Ange Mlinko’s review of the just-released Postmodern American Poetry: A Norton Anthology evinces a deep and true concern (dare I say love?) for poetry — a rare quality and something to be admired and treasured in a reviewer. But as gifted and astute as Ms. Mlinko is, I believe she missed some important opportunities for contextualization. Suggesting that beauty is gone from poetry because of flarf, Conceptual, or the march of history, is like saying that gay marriage will ruin traditional marriage. There’s plenty of “beauty” in poetry, still, and there will always be. Why can’t poetry, like poets, contain multitudes? It must. And what is “beauty” in poetry? Does it reside only with lovely content or word choices? I’m sure people lamented, thousands of years ago, at the advent of writing, the moment when poetry became less of a mnemonic device and more of its own dynamic. I wonder if, back then, a lament went up for “the end of memory.” Probably. So, poetry has already been “ruined,” as Rimbaud noted in a famous letter to a boyhood friend back in the 19th century. But that poetry has always never changed is part of that “ruined” beauty. And can’t there be beauty in the profane? Comedy has a Muse, after all. What finally surprises (shocks, really) is that Ms. Mlinko can’t see work that she herself doesn’t completely embrace as part of the long and continuing conversation that is poetry. Haven’t poets always sought to “correct” in some way what went before? To paraphrase the poet Nada Gordon: “ . . . nothing static or fixed or preconceived, and probably something rather fearsome and sometimes grotesque.”

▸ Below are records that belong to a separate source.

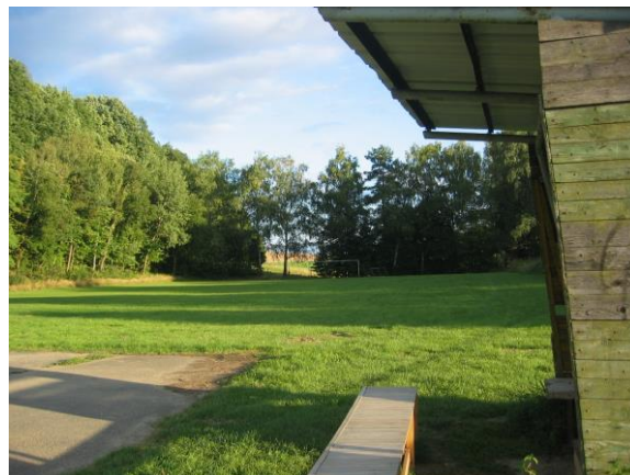
Sportovní areál – fotbalové hřiště
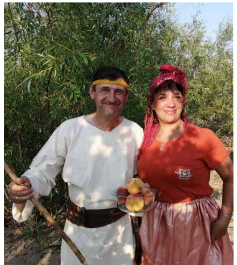
История исхода «в лицах»

Благодарим Господа за всё, что Он сделал для нас руками наших братьев и сестер, которые заботились о нашем быте и уюте, развлечениях и о главном – о служении Господу Словом. ■
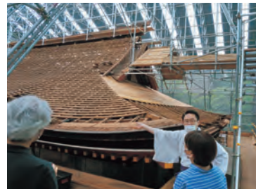
石上神宮 修理現場見学(6月より)
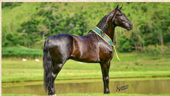
MAESTRO JFS - PAI
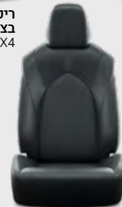
ריפוד עור בצבע שחור E-XCLUSIVE 4X4
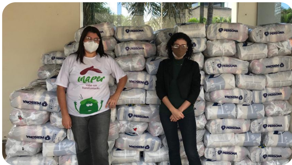
INAPER - SEDE
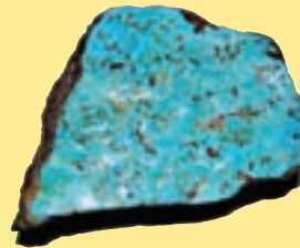
شکل ۱ الف) کانی فیروزه
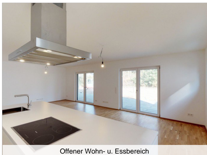
Offener Wohn- u. Essbereich
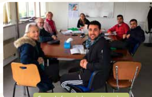
Cours de français langue étrangère

ont été vécus : à Ecquevilly avec la création d'un monte-charge permettant de donner une nouvelle vocation de stockage au rez-de-chaussée et de tri au 1er étage ; à Lézan avec la fin du chantier du Mas Latour , grâce à de nombreux bénévoles.
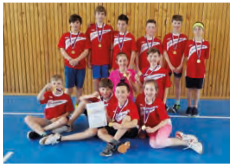
Naši malí sportovci se na frýdecko-místeckém turnaji radovali ze zlatých medailí.

Tím však výčet úspěchů v této kolektivní hře nekončí. Že jsou malí sportovci letos skutečně ve výborné formě, dokázali dubnu ještě jednou, a to na již tradičním přátelském utkání ve vybíjené „O velikonočního beránka“, pořádaném už bezmála 20 let naší školou pro základní školy okolních obcí. V krásné sportovní atmosféře se utkalo
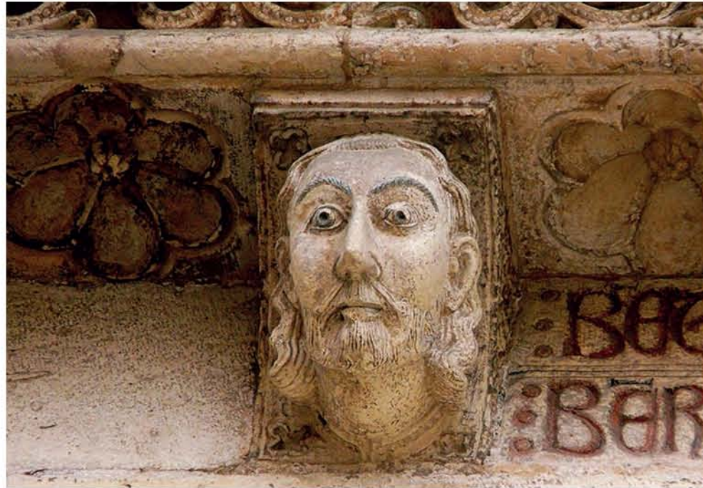
Valencia, Porta de l'Almoína.

Esta ruta une los territorios del Midi francés, Catalunya y Aragón con la Comunitat Valenciana y nos permite revivir un importante episodio de nuestra historia y la experiencia de quienes tuvieron que huir de sus tierras en busca de una nueva vida y de la libertad.
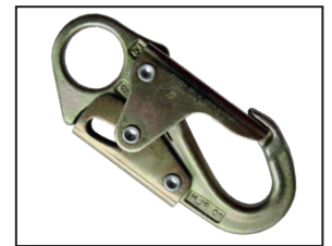
IKV 28 (ANSI Z.359.1-2007; CSA Z259.12-2011)

That’s the kind of poetry that can still contain multitudes.
They should have printed your letter.
They may have thought that you were saying that gay marriage is a kind of flarf. Not that there’s anything wrong with that, but they may have thought you were saying that gay marriage doesn’t have any beauty in it. Or they may have thought you were throwing the homophobia card at a multicultural. It’s hard to get into the mind of the censors.

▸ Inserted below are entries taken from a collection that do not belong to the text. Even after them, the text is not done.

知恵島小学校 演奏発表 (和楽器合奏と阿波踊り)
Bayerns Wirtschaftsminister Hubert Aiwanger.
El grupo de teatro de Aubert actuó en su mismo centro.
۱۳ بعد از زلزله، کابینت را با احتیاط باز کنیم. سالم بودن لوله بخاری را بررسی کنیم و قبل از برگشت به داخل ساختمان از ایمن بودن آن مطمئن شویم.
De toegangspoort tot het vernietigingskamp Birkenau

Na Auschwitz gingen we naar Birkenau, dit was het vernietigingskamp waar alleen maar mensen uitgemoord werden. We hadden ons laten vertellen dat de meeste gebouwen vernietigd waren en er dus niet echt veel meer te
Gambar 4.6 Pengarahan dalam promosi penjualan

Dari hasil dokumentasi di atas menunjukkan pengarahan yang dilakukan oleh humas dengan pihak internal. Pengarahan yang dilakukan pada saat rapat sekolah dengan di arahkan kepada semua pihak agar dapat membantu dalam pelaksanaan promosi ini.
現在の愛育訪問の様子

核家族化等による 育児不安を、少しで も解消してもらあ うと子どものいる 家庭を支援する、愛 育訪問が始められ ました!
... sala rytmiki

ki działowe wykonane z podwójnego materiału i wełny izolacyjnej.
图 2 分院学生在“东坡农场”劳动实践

Perhaps. I was just pointing out a tired — and flawed — argument: one thing is ruining another. Also that there’s plenty of beauty in all the varieties of poetry and marriage. Especially if your poetry/marriage is, like Nada said, fearsome.
You had a good letter. Made good points. Hell with them.
She really just generated more publicity for us. I should’ve sent her a thank you note!